Records drawn from a dataset
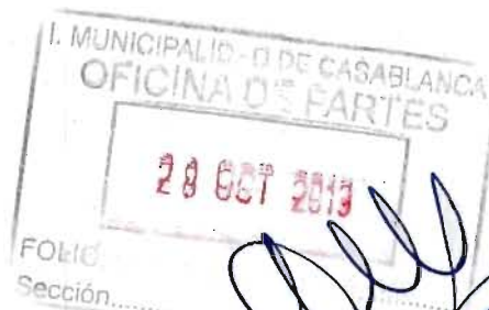
RICARDO PROVOSTE ACEVEDO Contralor Regional Valparaíso CONTRALORÍA GENERAL DE LA REPÚBLICA
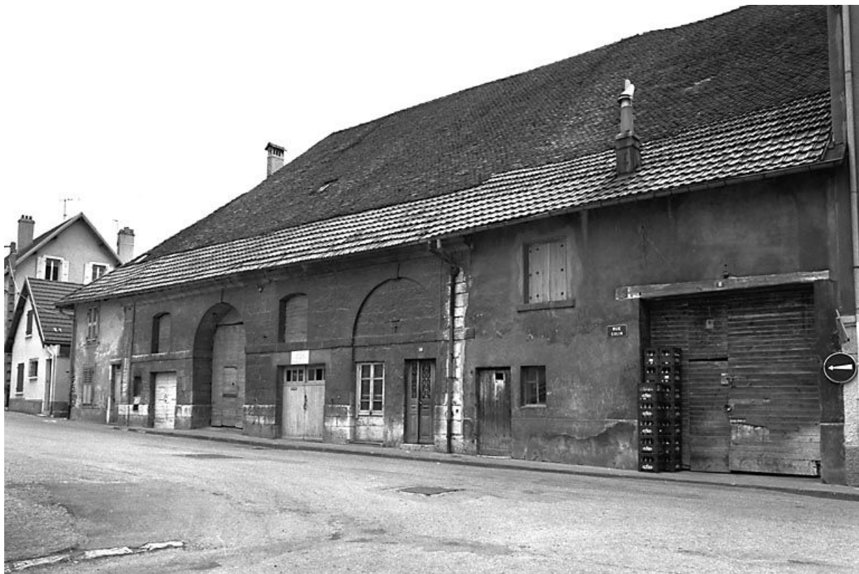
Façade sur rue. 25, Pontarlier
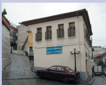
Η βιβλιοθήκη του Εχίνου

Φυσικά, την ίδια στιγμή, θλιβερά μπουλουίκια χριστιανών υποψηφίων παντός πολιτικού χρώματος, περιφέρονται από Πομακο-χωρίου εις Πομακο-χωρίον, περιβεβλημένοι με βλακώδη χαμόγελα και εμετική διαχυτικότητα, χωρίς να τους καίγεται καρφί για την ορεινή Ροδόπη, την οποία παραδίδουν αμαχητί στην σφαίρα πολιτικής και πολιτισμικής επιρροής της Αγκυρας.
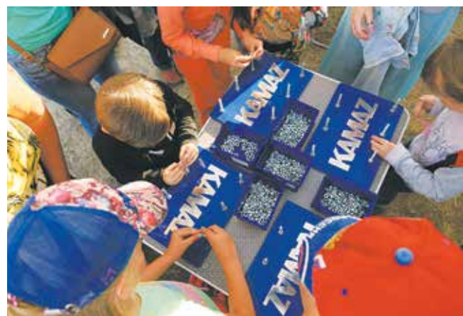
Закрутить как можно больше гаек под силу только самым проворным пальчикам
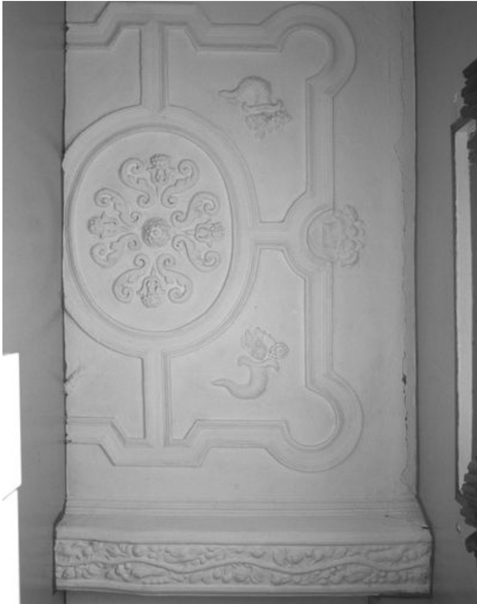
Vue partielle du plafond coupé par le cloisonnement en logements (ici, n° 37 rue de la Cavalerie).
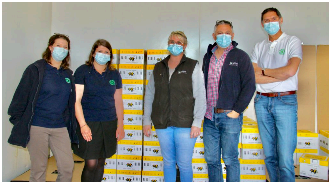
L'équipe logistique est renforcée pour un meilleur service.

Implantée à Cavaillon depuis 1984, le groupe compte 55 collaborateurs en France : 35 personnes basées au siège cavare et dans ce nouvel entrepôt logistique, ainsi qu'une vingtaine dans ses agences d'Agén, de Nantes et de Villeneuve l'archevêque dans l'Yonne. La filiale française a réalisé un chiffre d'affaires de 15M€ l'an dernier. Le groupe Koppert regroupe plus de 1 700 salariés pour un chiffre d'affaires monde de 265M€ en 2019.
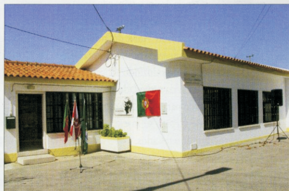
FIGS. 1 E 2 – Logotipo do CEAX e vista exterior do novo equipamento.

dos Castelinhos e a Romanização do Baixo Tejo” (MOCRATE);
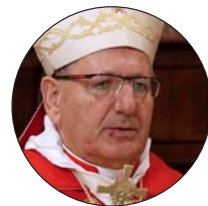
Louis Raphaël Sako, patriarca de Babilonia de los Caldeos
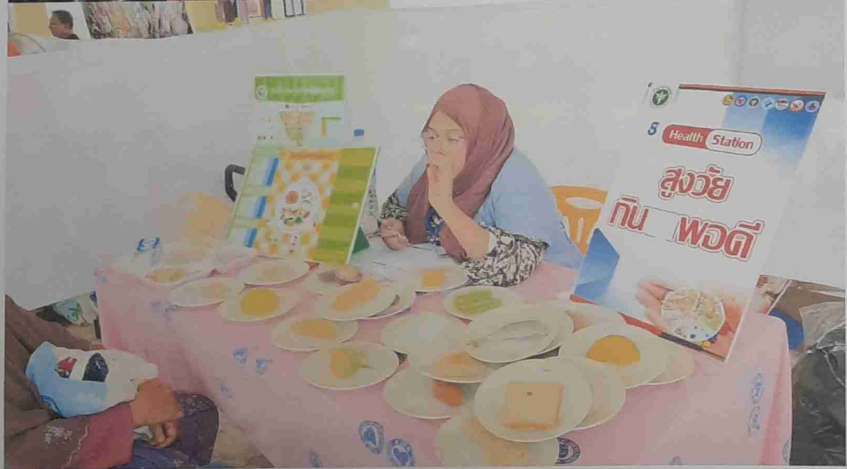
ประเมินคัดกรอง ๙ ด้านและให้ความรู้เรื่องโภชนาการ
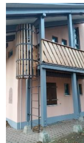
Fluchtleiter vom Balkon, der von den Schlafräumen erreichbar ist
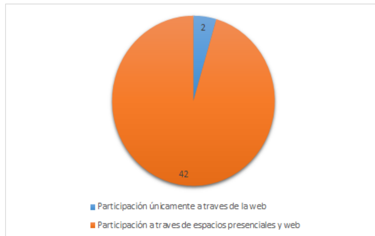
Gráfico 2: Mecanismo de participación utilizado por los actores en el proceso de construcción del Plan.

Es importante aclarar que un mismo actor pudo haber participado a través de los dos mecanismos de forma simultánea: virtual y presencial. En este sentido, y según los datos relevados en la encuesta, solo 2 participantes de los que respondieron la encuesta, utilizaron únicamente la herramienta web como mecanismo de participación. Los restantes 42 personas participaron a través de los espacios presenciales y a través de la web.
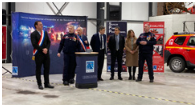
Sainte Barbe 2025
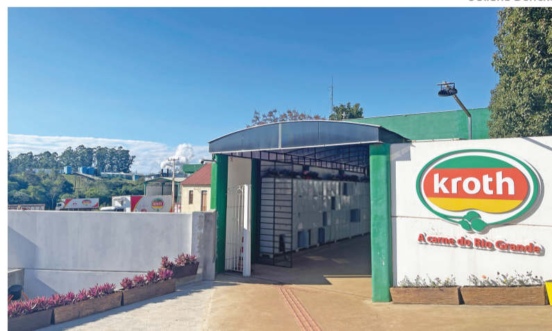
Frigorífico localizado em Vila Santa Emília é a 5ª maior empresa de Venâncio Aires
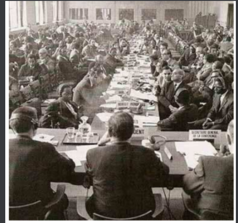
DOCUMENT 1 : EXTRAITS DU COMMUNIQUÉ FINAL DE LA CONFÉRENCE DE BANDOUNG (24 AVRIL 1955)
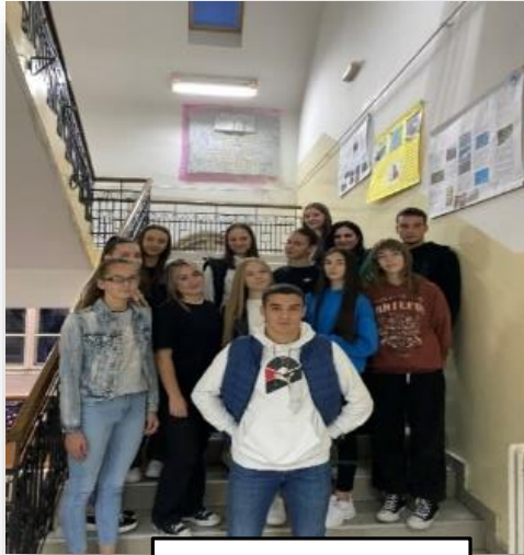
Ученици одељења 2е
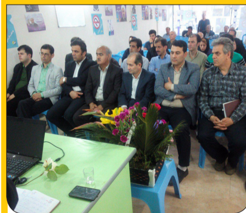
جلسه کمیته اساتید و دانشجویان، ستاد مرکزی دکتر روحانی در شهرستان تالش با حضور اساتید و دانشجویان شهرستان
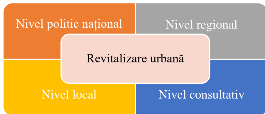
Fig. 1. Nivelele de responsabilitate

Eficiența procesului de revitalizare urbană, se caracterizează prin: cooperarea între instituțiile administrației publice la nivel central și local; cunoașterea realităților locale și identificarea măsurilor de intervenție; elaborarea și implementarea politicilor, programelor și proiectelor realiste de revitalizare urbană; parteneriate eficiente și durabile cu comunitatea locală, sectorul privat și toate părțile interesate; sprijin și deschidere către dialog cu structurile societății civile; informare și promovare.
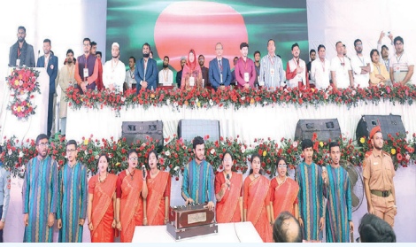
জাতীয় সংগীত পরিবেশনের মধ্য দিয়ে 'বিপ্লবোত্তর ছাত্র ঐক্য' শীর্ষক আলোচনা সভার উদ্বোধনী মুহূর্ত

জুলাই বিপ্লবের চেতনাকে সমুন্নত রেখে জাতীয় ঐক্যকে শক্তিশালী করার লক্ষ্যে জগন্নাথ বিশ্ববিদ্যালয়ের সাংবাদিক জোটের আয়োজনে ৪ ডিসেম্বর, ২০২৪ বিশ্ববিদ্যালয়ের বিজ্ঞান ভবন চত্বরে দেশের বিভিন্ন ছাত্র সংগঠনের নেতৃবৃন্দের অংশগ্রহণে 'বিপ্লবোত্তর ছাত্র ঐক্য' শীর্ষক সভা অনুষ্ঠিত হয়।
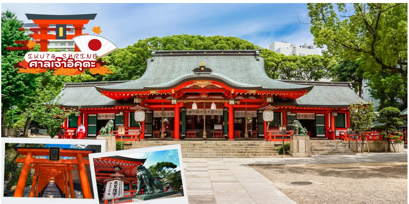
GO2KIX-TG0009--AUTUMN AND WINTER IN KANSAI 6D4N BY TG

นำท่านขอพรความรัก ศาลเจ้าอิคุตะ ตั้งอยู่ใจกลางเมืองโกเบ มีประวัติความเป็นมายาวนานกว่า 1800 ปี มีเทพเจ้าแห่งสายสัมพันธ์อยู่ ภายในเขตวัดนอกจากศาลเจ้าหลักแล้วยังมีศาลเจ้าเล็กๆ อยู่อีกมากมาย หนึ่งในเสน่ห์ของศาลเจ้านี้ก็คืออิคุตะโนะโมริที่เต็มไปด้วยสีเขียว
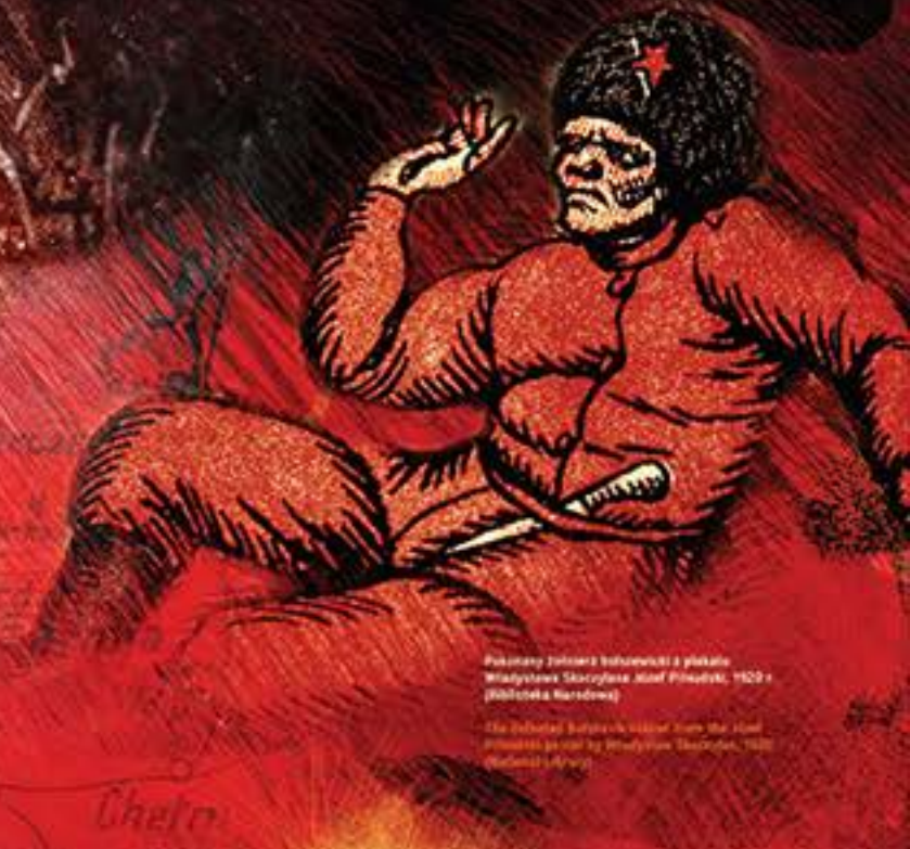
Polakami żołnierza bolszewickiego i generała Władysława Skarżyńskiego Józef Piłsudski, 1920 r.

● Work task: With the pictures left out, write out all of the data exactly.

● Your solution:
RICARDO PROVOSTE ACEVEDO Contralor Regional Valparaíso CONTRALORÍA GENERAL DE LA REPÚBLICA
Façade sur rue. 25, Pontarlier
Η βιβλιοθήκη του Εχίνου

Φυσικά, την ίδια στιγμή, θλιβερά μπουλουίκια χριστιανών υποψηφίων παντός πολιτικού χρώματος, περιφέρονται από Πομακο-χωρίου εις Πομακο-χωρίον, περιβεβλημένοι με βλακώδη χαμόγελα και εμετική διαχυτικότητα, χωρίς να τους καίγεται καρφί για την ορεινή Ροδόπη, την οποία παραδίδουν αμαχητί στην σφαίρα πολιτικής και πολιτισμικής επιρροής της Αγκυρας.
Закрутить как можно больше гаек под силу только самым проворным пальчикам
Vue partielle du plafond coupé par le cloisonnement en logements (ici, n° 37 rue de la Cavalerie).
L'équipe logistique est renforcée pour un meilleur service.

Implantée à Cavaillon depuis 1984, le groupe compte 55 collaborateurs en France : 35 personnes basées au siège cavare et dans ce nouvel entrepôt logistique, ainsi qu'une vingtaine dans ses agences d'Agén, de Nantes et de Villeneuve l'archevêque dans l'Yonne. La filiale française a réalisé un chiffre d'affaires de 15M€ l'an dernier. Le groupe Koppert regroupe plus de 1 700 salariés pour un chiffre d'affaires monde de 265M€ en 2019.
FIGS. 1 E 2 – Logotipo do CEAX e vista exterior do novo equipamento.

dos Castelinhos e a Romanização do Baixo Tejo” (MOCRATE);
Louis Raphaël Sako, patriarca de Babilonia de los Caldeos
ประเมินคัดกรอง ๙ ด้านและให้ความรู้เรื่องโภชนาการ
Fluchtleiter vom Balkon, der von den Schlafräumen erreichbar ist
Gráfico 2: Mecanismo de participación utilizado por los actores en el proceso de construcción del Plan.

Es importante aclarar que un mismo actor pudo haber participado a través de los dos mecanismos de forma simultánea: virtual y presencial. En este sentido, y según los datos relevados en la encuesta, solo 2 participantes de los que respondieron la encuesta, utilizaron únicamente la herramienta web como mecanismo de participación. Los restantes 42 personas participaron a través de los espacios presenciales y a través de la web.
Sainte Barbe 2025
Frigorífico localizado em Vila Santa Emília é a 5ª maior empresa de Venâncio Aires
DOCUMENT 1 : EXTRAITS DU COMMUNIQUÉ FINAL DE LA CONFÉRENCE DE BANDOUNG (24 AVRIL 1955)
Ученици одељења 2е
جلسه کمیته اساتید و دانشجویان، ستاد مرکزی دکتر روحانی در شهرستان تالش با حضور اساتید و دانشجویان شهرستان
Fig. 1. Nivelele de responsabilitate

Eficiența procesului de revitalizare urbană, se caracterizează prin: cooperarea între instituțiile administrației publice la nivel central și local; cunoașterea realităților locale și identificarea măsurilor de intervenție; elaborarea și implementarea politicilor, programelor și proiectelor realiste de revitalizare urbană; parteneriate eficiente și durabile cu comunitatea locală, sectorul privat și toate părțile interesate; sprijin și deschidere către dialog cu structurile societății civile; informare și promovare.
জাতীয় সংগীত পরিবেশনের মধ্য দিয়ে 'বিপ্লবোত্তর ছাত্র ঐক্য' শীর্ষক আলোচনা সভার উদ্বোধনী মুহূর্ত

জুলাই বিপ্লবের চেতনাকে সমুন্নত রেখে জাতীয় ঐক্যকে শক্তিশালী করার লক্ষ্যে জগন্নাথ বিশ্ববিদ্যালয়ের সাংবাদিক জোটের আয়োজনে ৪ ডিসেম্বর, ২০২৪ বিশ্ববিদ্যালয়ের বিজ্ঞান ভবন চত্বরে দেশের বিভিন্ন ছাত্র সংগঠনের নেতৃবৃন্দের অংশগ্রহণে 'বিপ্লবোত্তর ছাত্র ঐক্য' শীর্ষক সভা অনুষ্ঠিত হয়।
GO2KIX-TG0009--AUTUMN AND WINTER IN KANSAI 6D4N BY TG

นำท่านขอพรความรัก ศาลเจ้าอิคุตะ ตั้งอยู่ใจกลางเมืองโกเบ มีประวัติความเป็นมายาวนานกว่า 1800 ปี มีเทพเจ้าแห่งสายสัมพันธ์อยู่ ภายในเขตวัดนอกจากศาลเจ้าหลักแล้วยังมีศาลเจ้าเล็กๆ อยู่อีกมากมาย หนึ่งในเสน่ห์ของศาลเจ้านี้ก็คืออิคุตะโนะโมริที่เต็มไปด้วยสีเขียว
Polakami żołnierza bolszewickiego i generała Władysława Skarżyńskiego Józef Piłsudski, 1920 r.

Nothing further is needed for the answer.